AbsaOSS / enceladus

Dynamic Conformance Engine
Apache License 2.0
29 stars 14 forks source link

SparkJobs return code based on data quality #1542

Open benedeki opened 3 years ago

benedeki commented 3 years ago

Background

SparkJobs return non-zero return code when there's an incorrect data definition (data not adhering to schema for example) or some other exception.

Feature

It has been suggested, to allow a more nuanced processing pipe to be possible to define a data quality threshold. If that is breached SparkJobs would end with a non-zero exit code too (different from the other exceptions).

Proposed Solution

Needs to figure out how to specify the data-quality thresholds and then make the checks. Possibly this can change into an Epic.

Zejnilovic commented 3 years ago

Collecting data from withing a distributed app could be bad. However I look at it, this will need a 3rd party or outside app monitoring the job. E.g. Menas would need to read those DataQuality messages provided by the Kafka plugin, monitoring the jobs and then killing it using yarn command if it sees too many "fails".
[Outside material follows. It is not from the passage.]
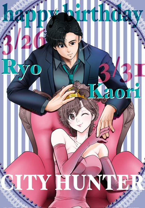 獠ちゃん(3/26) 香ちゃん(3/31) お誕生日おめでとう(〃´▽`)💕 #イラスト #シティーハンター #CITYHUNTER 1枚ずつ描けなくてゴメンナサイm(._.)m

benedeki commented 3 years ago

I don't think the requested feature in necessary killing the job if it gets over the threshold. (In such case your suggestion would indeed be probably the only one working.) But it would actually mean no result from the Spark job, and therefore also limited information what were the quality issues. But the requested feature was, that it would be enough, the return code to be added at the end only,as a "result" of post-processing.